I looked around. None of the other parents were walking on Senior Lawn either. Apparently, they had also gotten the same “Stay off Senior Lawn” lecture.
OK, OK, I said, raising up my hands in surrender. No problem. I’ll go around.
What happens if you walk on Senior Lawn?, I asked her later.
She gave me the “If you have to ask, you definitely don’t deserve to know” look.
I persisted. Really, I said. What if you put one toe on Senior Lawn? What if you were just walking along minding your own business, la dee dah, and you fell onto Senior Lawn by accident? What if the buildings were on fire and you had to evacuate and Senior Lawn was your only refuge from conflagration?
She ignored me.
Fast-forward four years, and our oldest has just started her senior year. She and her fellow 12th-graders have finally claimed their birthright — Senior Lawn.

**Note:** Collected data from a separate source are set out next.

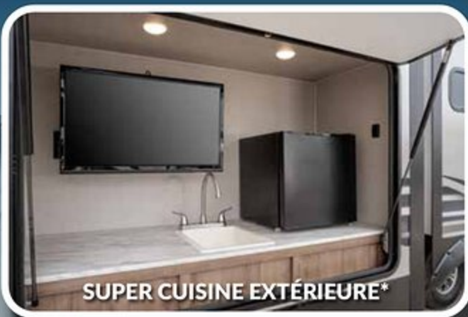
SUPER CUISINE EXTÉRIEURE*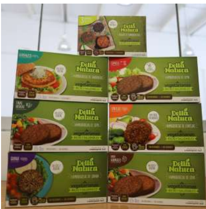
Las hamburguesas son su línea de producto más importante.

Luego de estimar un crecimiento de sus ventas de 8% para este año, Castro añadió que invertirán en la adquisición de un túnel de congelamiento y en máquinas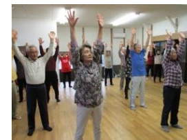
9.西割田ふれあいサロン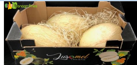
MELON BLANC PASTOR LUSOMEL Cal. 3 - Portugal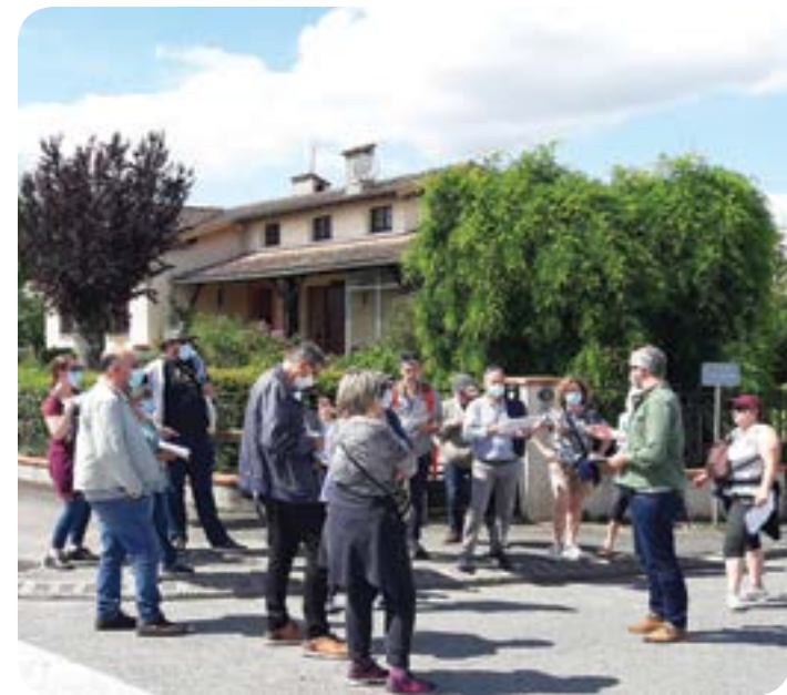
Arrêt Route de Lapeyrouse pour parler du développement du centre-bourg

Pourquoi ? Pour encourager et faciliter les mobilités douces, à pied et en vélo, pour éviter de consommer des terres agricoles et des espaces naturels par de nouvelles constructions, pour rapprocher les habitants des équipements et des services de la commune et construire un centre-bourg vivant et dynamique. Le PLU désigne ainsi une « aire de proximité », pour accueillir les nouveaux habitants et organiser la vie de tous. Les futures constructions se réaliseront donc dans ce périmètre, avec des types de densité variés selon les secteurs, de 4 à 30 logements à l'hectare.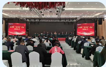
如皋市“爱军保”签约仪式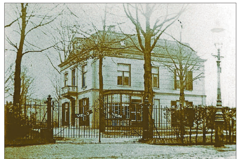
■ Villa Veldheim.

Voor het toenemend aantal leerlingen kwamen er steeds meer noodlokalen in de tuin. Toen het Vitus in januari 1966 het nieuw gebouwde schoolgebouw aan de Beerensteinerlaan betrok, kwamen de noodlokalen tot 1979 in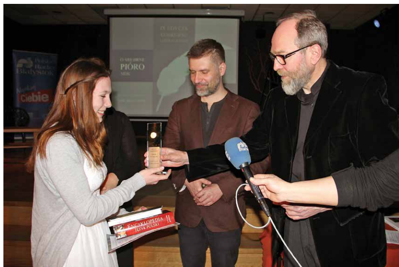
Konkurs poetycki „O srebrne Pióro MDK”, Młodzieżowy Dom Kultury, 2015 (fot. archiwum MDK)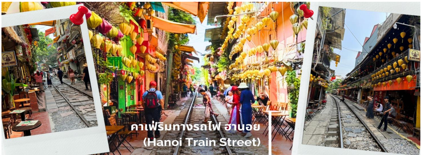
คาเฟ่ริมทางรถไฟ ฮานอย (Hanoi Train Street)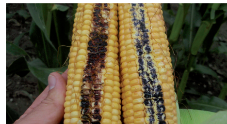
Jodtest – links Wachsmais, rechts Gelbmais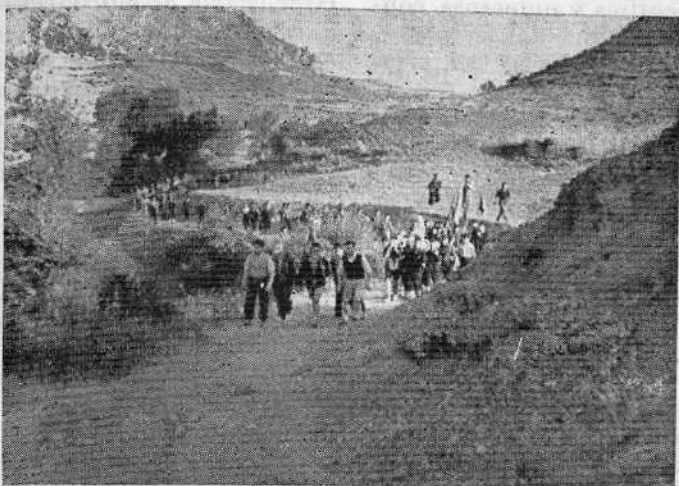
En ruta hacia el pico más alto de la provincia, los montañeros del Frente de Juventudes, acompañados por romeros de los pueblos comarcanos, llevan a hombros la preciosa imagen de la Virgen.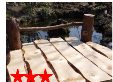
★★★★★ いため物には必じゅ品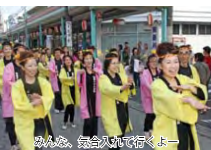
みんな、気合入れて行くよー

It also happens that our middle daughter is a freshman at the same high school. She’s heard the legend of Senior Lawn. As the sister of a senior, she might have hoped for an invitation onto the grass, but that idea was quickly shot down.
Don’t even think about it, her big sister said.
I thought of our own lawn at home. Technically, it would be known as “Dad’s Lawn,” but maybe I needed to re-evaluate that whole concept. Think outside the box.
What if we marked off sections of our back yard? Each of the three girls could be allocated her own personal area. We could have Huffman Senior Lawn, Huffman Freshman Lawn and Huffman Sixth-Grade Lawn.
When the girls are fighting or someone needs a time-out, we could just send each to her own personal section of lawn.
No one else would be allowed to walk on the other person’s part of the lawn. Each girl would be responsible for taking care of her own section, providing a clever and economical solution to weekly mowing and poop scooping duties. I’m pretty sure Dad would be more than happy to sublease his lawn to the girls in exchange for some free lawn care.
I see that back-to-school night at the high school is coming up. This year, I just have one question for our oldest daughter.
Now that I’m a parent of a senior, do I get to go on Senior Lawn?
1 comment:
Ha hahahahaa! I came back to re-read this piece. Hil-ar-ious. I like the questioning you did on the 'Senior Lawn' protocol. Reminded me of being in High School. Nice.